[ABOUT THIS TASK]: The result should be the listing below restated word for word, with images left out.

[DATA SEGMENT]:
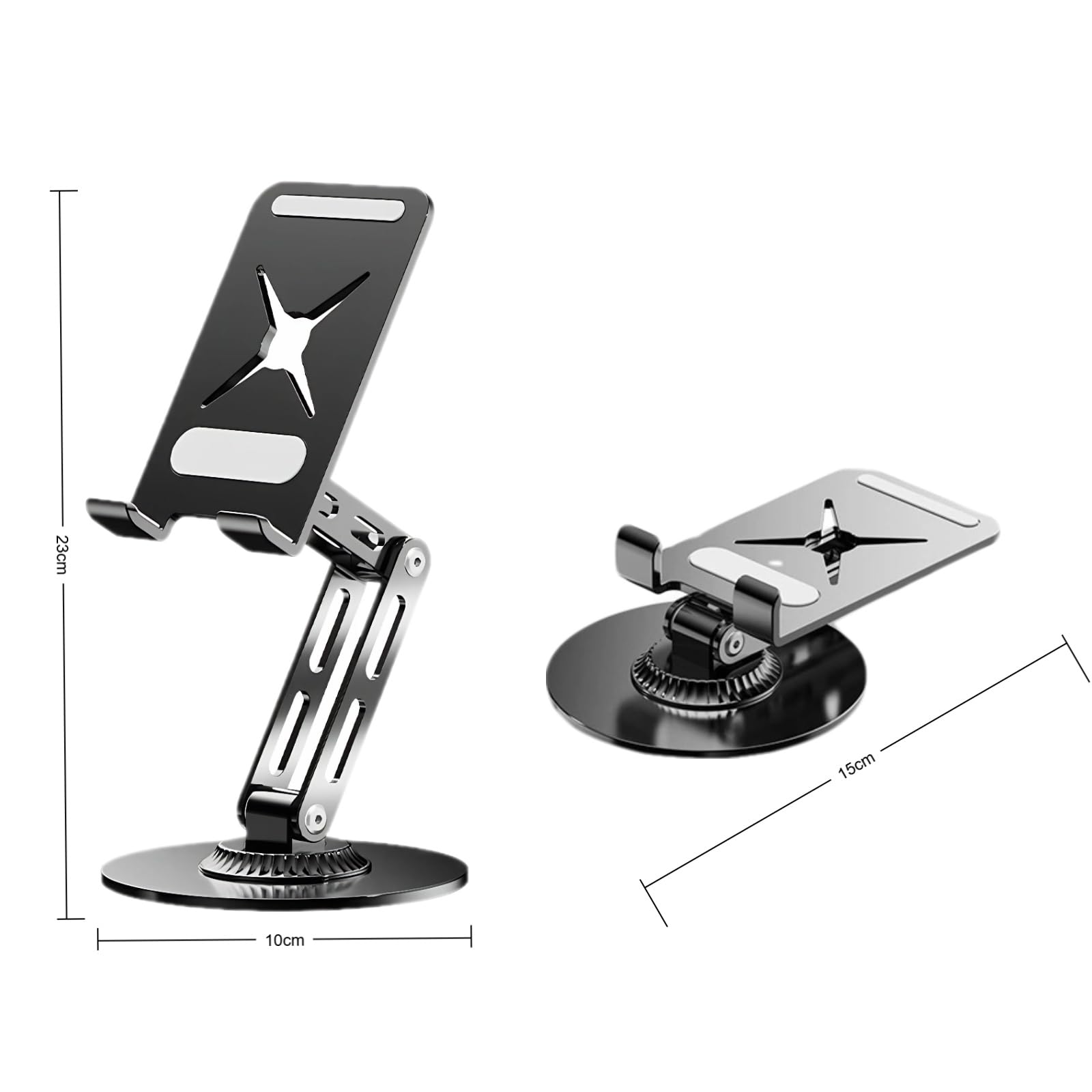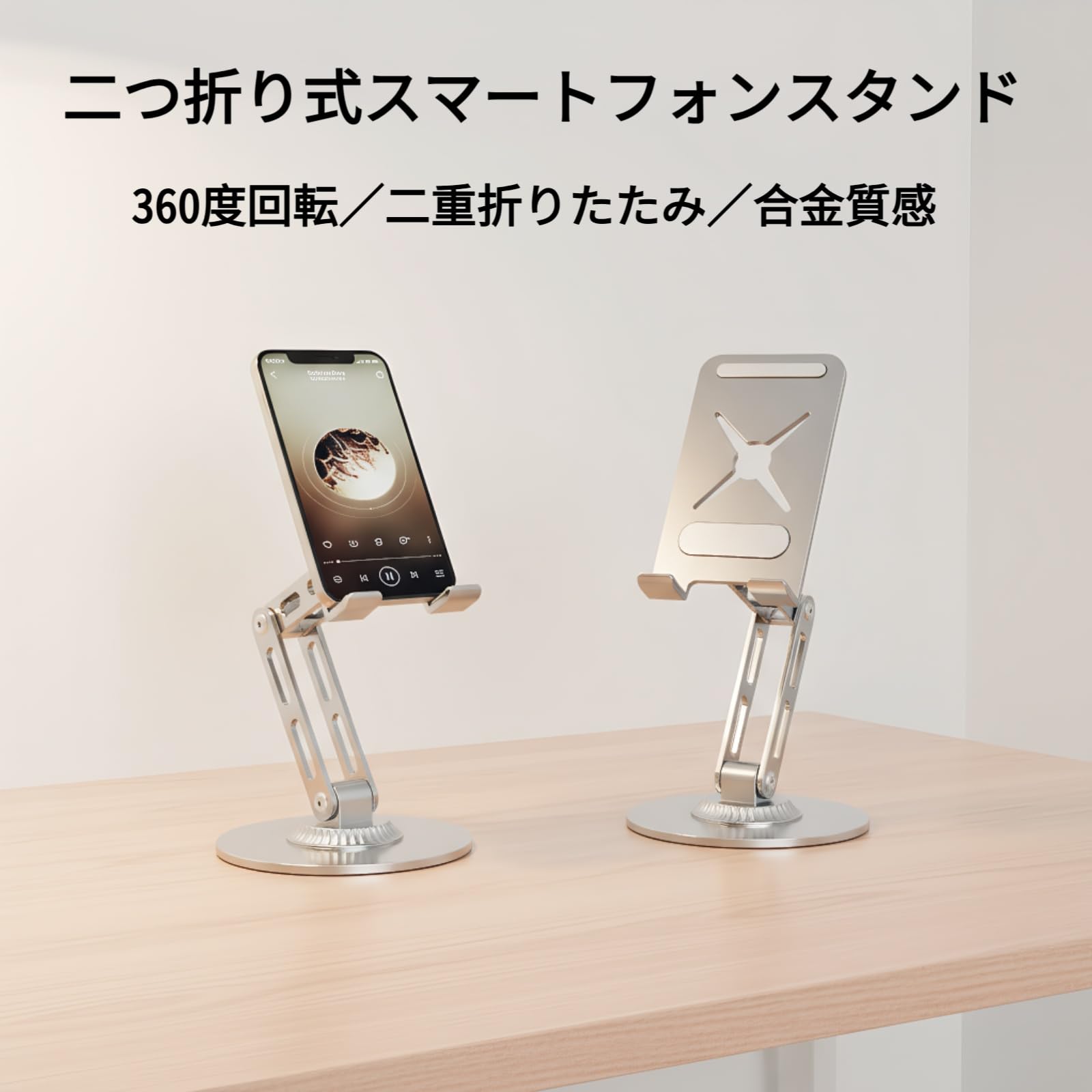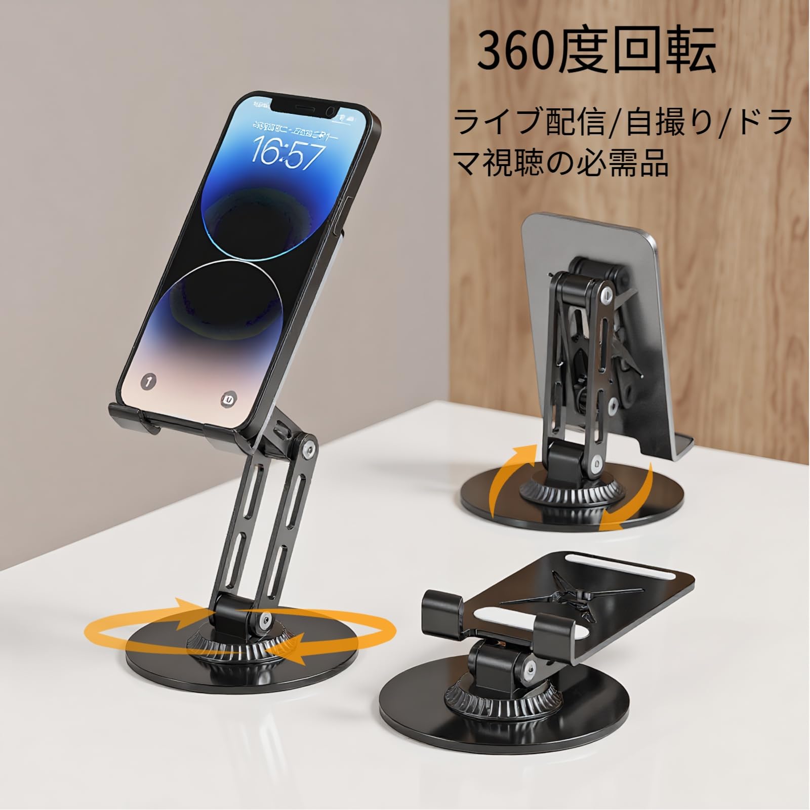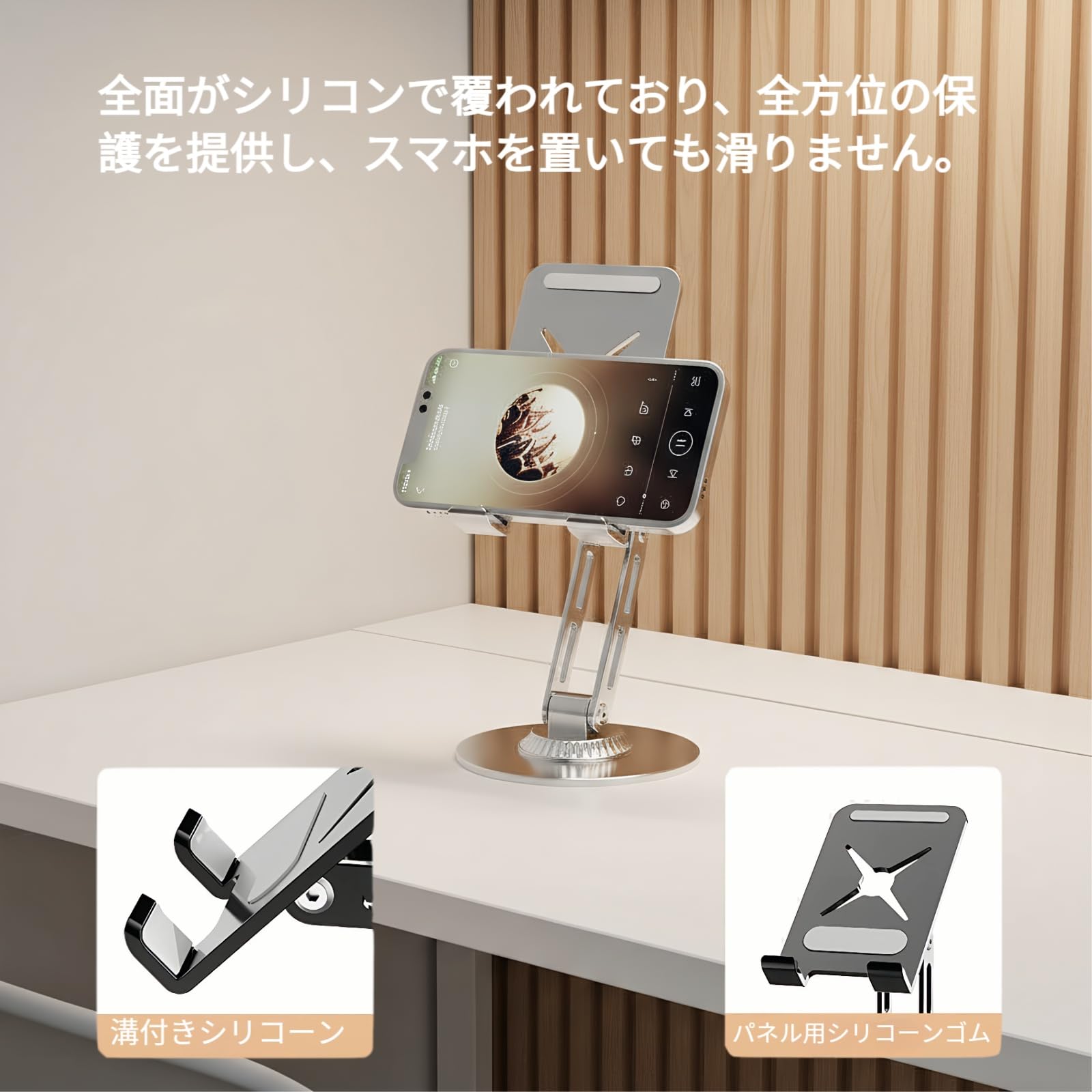 YEFONREALM スマホスタンド 卓上 360度回転 高さ調整 折り畳み可能 スマートフォンホルダー デスクスタンド iPhone 17/16/15/14/13/12/11/SE/Pro Max/Plus Huawei Android 対応 オフィス 自宅 映画視聴 ライブ配信 自撮り 旅行用 コンパクト 収納 簡単設置 防滑硅胶 碳素鋼素材(展開尺寸10×10×23cm) (シルバー)
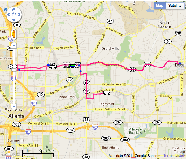 Decatur Metro | October 31, 2011 | 11:35 amEver since we discovered the CLIFF shuttles real-time bus locations website that shows you little icons scurrying along a map of the Decatur/Emory/Atlanta region, we wished that MARTA had something similar. If we had a better idea of the location of buses, perhaps some of us might be more inclined to hop “the 2” into Atlanta every once in a while.
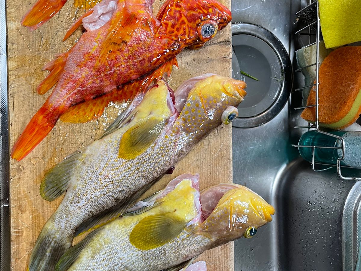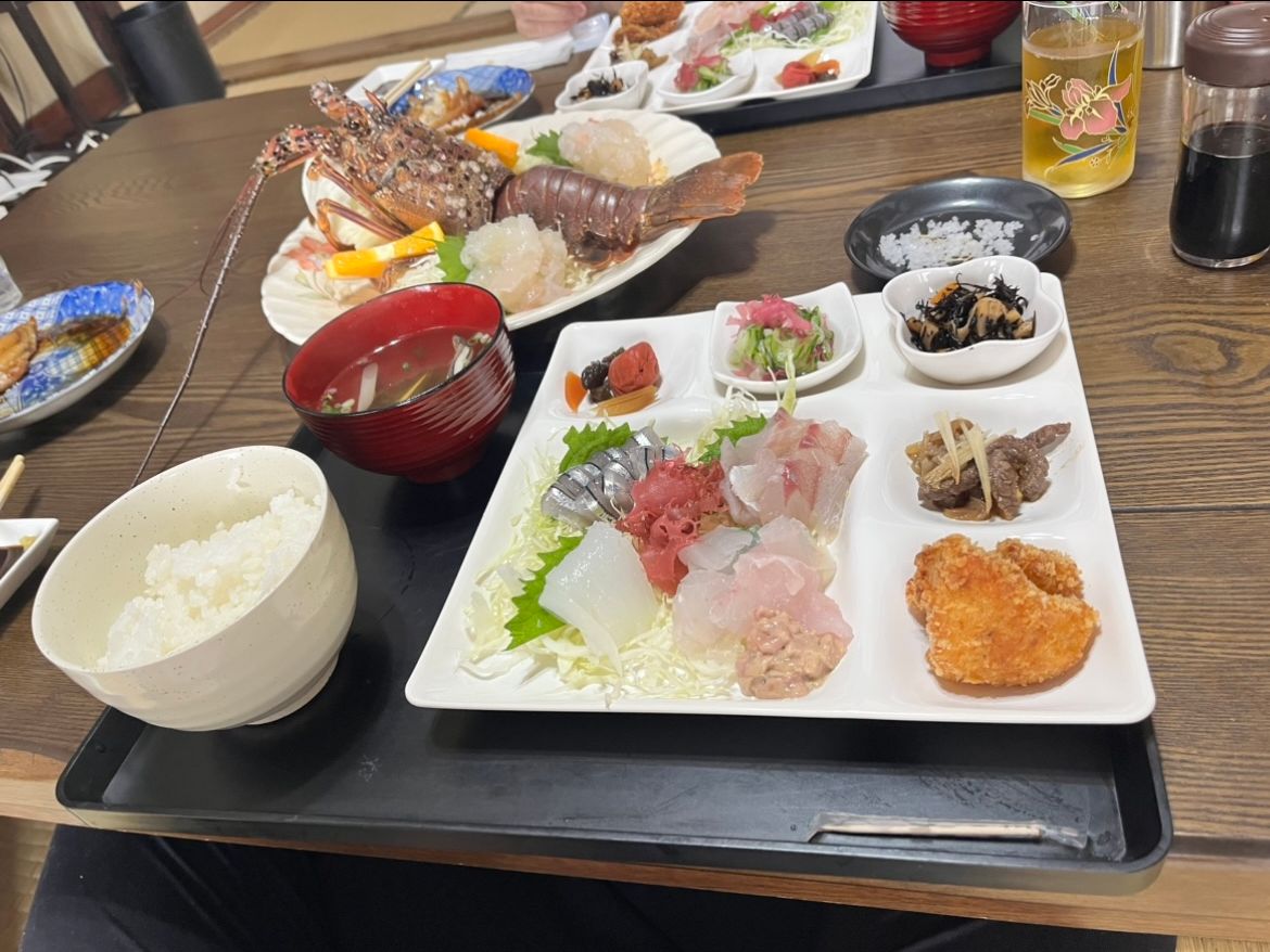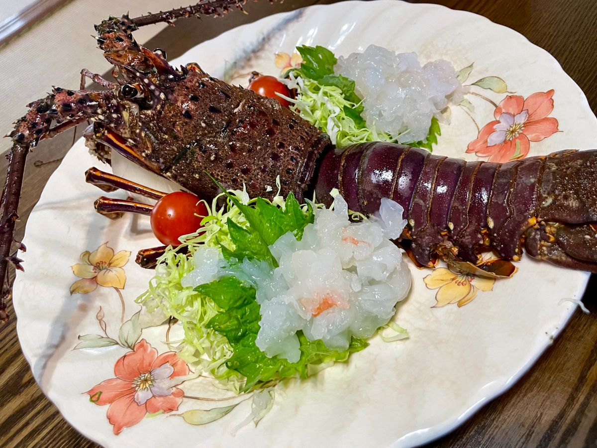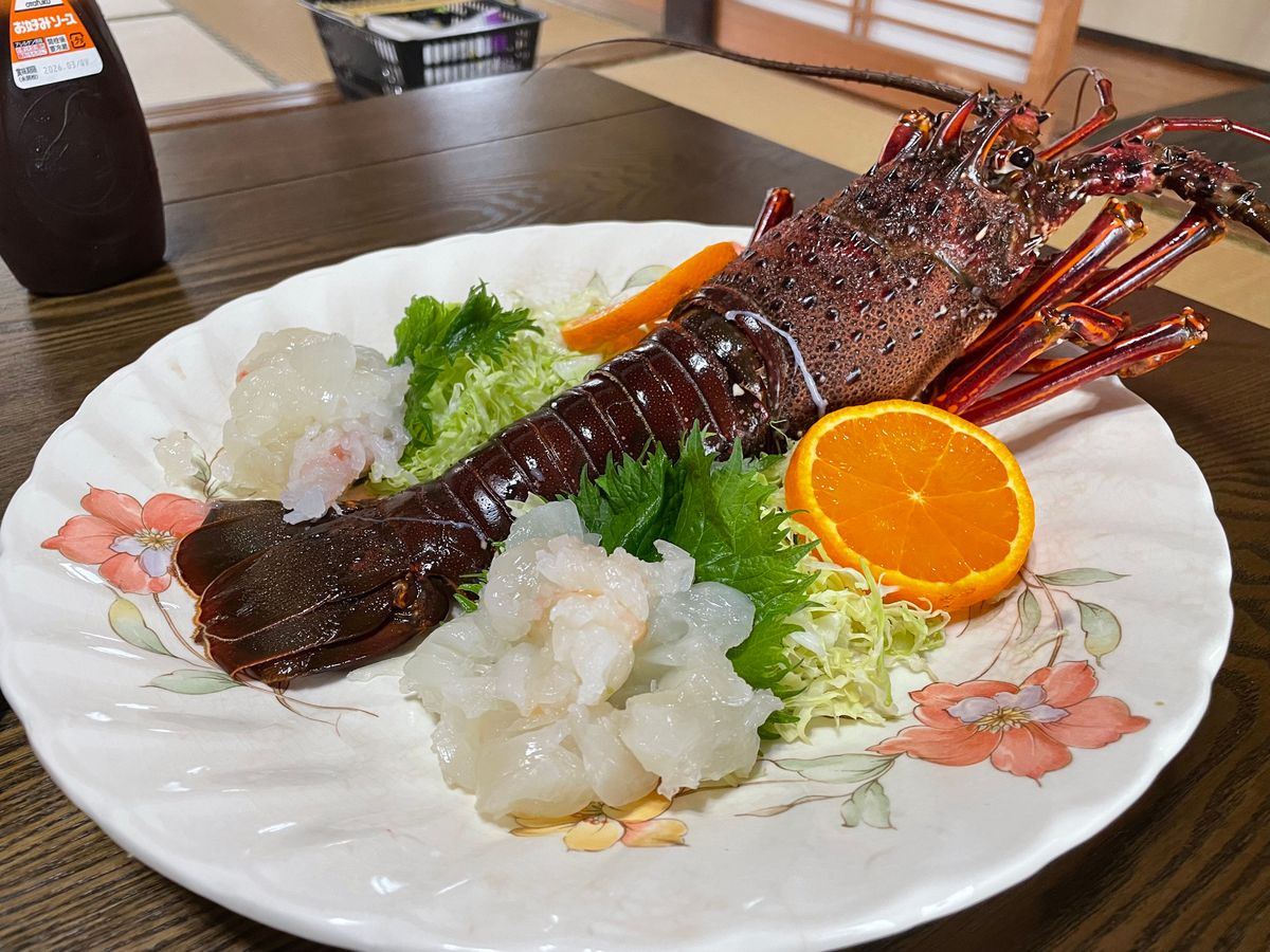 私が参加した日は前日の悪天候の影響が残り、ややうねりのある海況。前日は早目に寝て、当日は早めの朝ごはん、しっかり酔い止めを飲んで準備万全で挑みましたが、ポイントに着いて10分ほどで。。。。松本さん、ごめんなさい。船着場に戻って、奥様がお迎えに来てくれて、少し休んで早めの漁師飯。刺身、煮魚、天ぷら、お味噌汁、最高に美味しかったです。なんと伊勢海老も丸々一匹登場!!!贅沢すぎます。お母さんの手料理、最高。そして、面白くて可愛すぎて、居心地が良すぎて、松本夫婦が最高です。

[WRITTEN RESPONSE]:
 YEFONREALM スマホスタンド 卓上 360度回転 高さ調整 折り畳み可能 スマートフォンホルダー デスクスタンド iPhone 17/16/15/14/13/12/11/SE/Pro Max/Plus Huawei Android 対応 オフィス 自宅 映画視聴 ライブ配信 自撮り 旅行用 コンパクト 収納 簡単設置 防滑硅胶 碳素鋼素材(展開尺寸10×10×23cm) (シルバー)
 Decatur Metro | October 31, 2011 | 11:35 amEver since we discovered the CLIFF shuttles real-time bus locations website that shows you little icons scurrying along a map of the Decatur/Emory/Atlanta region, we wished that MARTA had something similar. If we had a better idea of the location of buses, perhaps some of us might be more inclined to hop “the 2” into Atlanta every once in a while.
 私が参加した日は前日の悪天候の影響が残り、ややうねりのある海況。前日は早目に寝て、当日は早めの朝ごはん、しっかり酔い止めを飲んで準備万全で挑みましたが、ポイントに着いて10分ほどで。。。。松本さん、ごめんなさい。船着場に戻って、奥様がお迎えに来てくれて、少し休んで早めの漁師飯。刺身、煮魚、天ぷら、お味噌汁、最高に美味しかったです。なんと伊勢海老も丸々一匹登場!!!贅沢すぎます。お母さんの手料理、最高。そして、面白くて可愛すぎて、居心地が良すぎて、松本夫婦が最高です。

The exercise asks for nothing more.